4.2. Analysis of Reliability and Risks
A reliability and risk analysis based on epistemic uncertainty was performed on the model [
17,
18,
19,
20]. Uncertainty modelling was performed using Monte Carlo simulations to model the uncertainty of payment failure by randomly sampling 5000 data from the statistics of payment failure reasons to obtain a sample set of random payment failure reasons. Furthermore, the uncertainty was propagated through the model by introducing randomness into the model, such as using Gaussian noise or random initialization parameters in the LSTM layer or other layers. By introducing randomness or noise, the robustness and stability of the model under different payment failure reasons could be tested and thus the reliability of the model evaluated. The results of the risk analysis are shown in
Table 9.
Based on the given probability distribution and risk metrics, a risk index was calculated for each cause of non-payment. The risk index is derived by multiplying the probability by the risk metric and reflects the extent to which each cause contributes to the overall risk. The higher the risk index, the greater the contribution of that cause to the overall risk.
According to the model output results, the risk measure for each cause can be calculated, and then the corresponding decision strategy can be developed based on the risk measure, such as developing a different payment failure handling process or adjusting the payment security policy.
4.3. Discussion
This model can automatically process and analyse a large number of different types of payment data, reducing the effort and time required for manual processing; it can handle variable-length sequence inputs and is suitable for processing payment information text of varying lengths. Furthermore, because the LSTM model models the sequence and time dependence of the input sequence, it is robust to noise and variation in the input data, enabling faster and more accurate detection of payment problem areas.

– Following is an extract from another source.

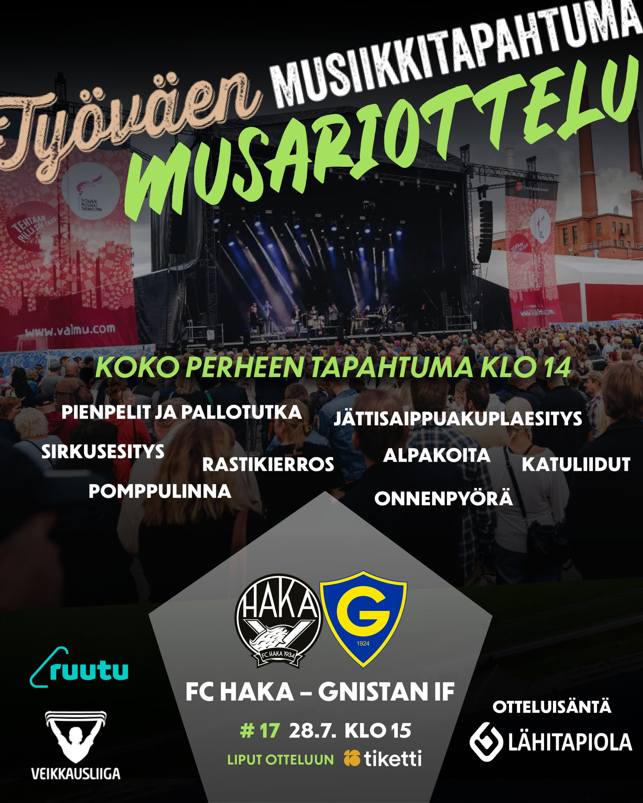 FC Haka – Gnistan su 28.7. klo 15.00. Osta liput täältä!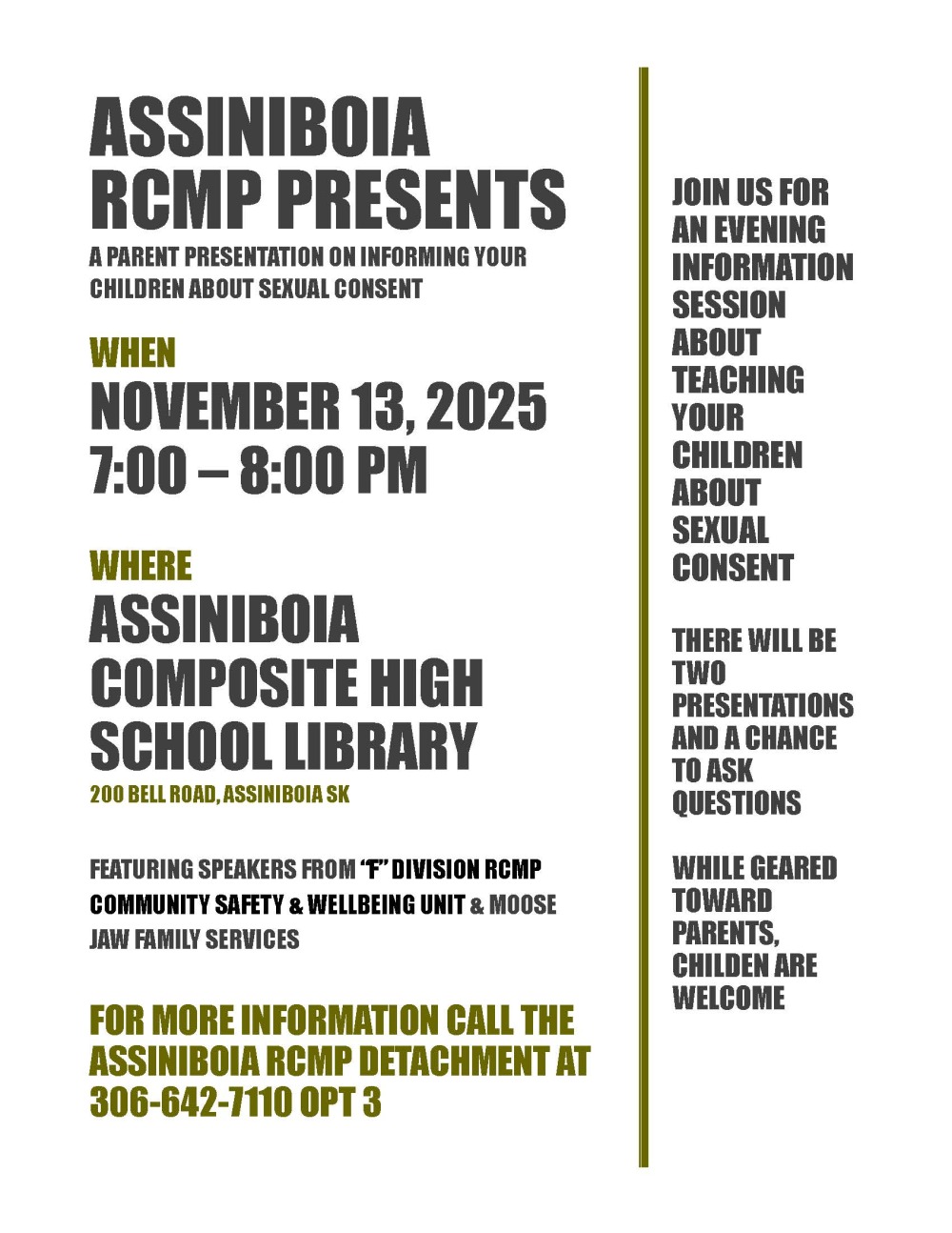 The Assiniboia RCMP Detachment presents a parent information session on informing your children of the importance of sexual consent and how to have those conversations.

However, the performance of the model is highly dependent on the quality of the data and the accuracy of the annotations. The accuracy of the model can be affected if there is noise or incorrect annotations in the training dataset, and the distribution of samples in the payment information detection task can be unbalanced, leading to a lower prediction accuracy for models with fewer samples and require certain strategies to deal with the data imbalance.
Privacy and security are very important considerations when processing payment information. Appropriate security measures must be taken to protect users’ payment information to avoid potential data leakage or misuse. Future research should continue to explore how to design more secure and reliable models to prevent data leakage and misuse, introduce more sophisticated LSTM variants or use other model structures to better capture the semantics and context of payment information, and further explore and develop data expansion techniques for payment information detection tasks to extend the training data and improve the robustness of the models.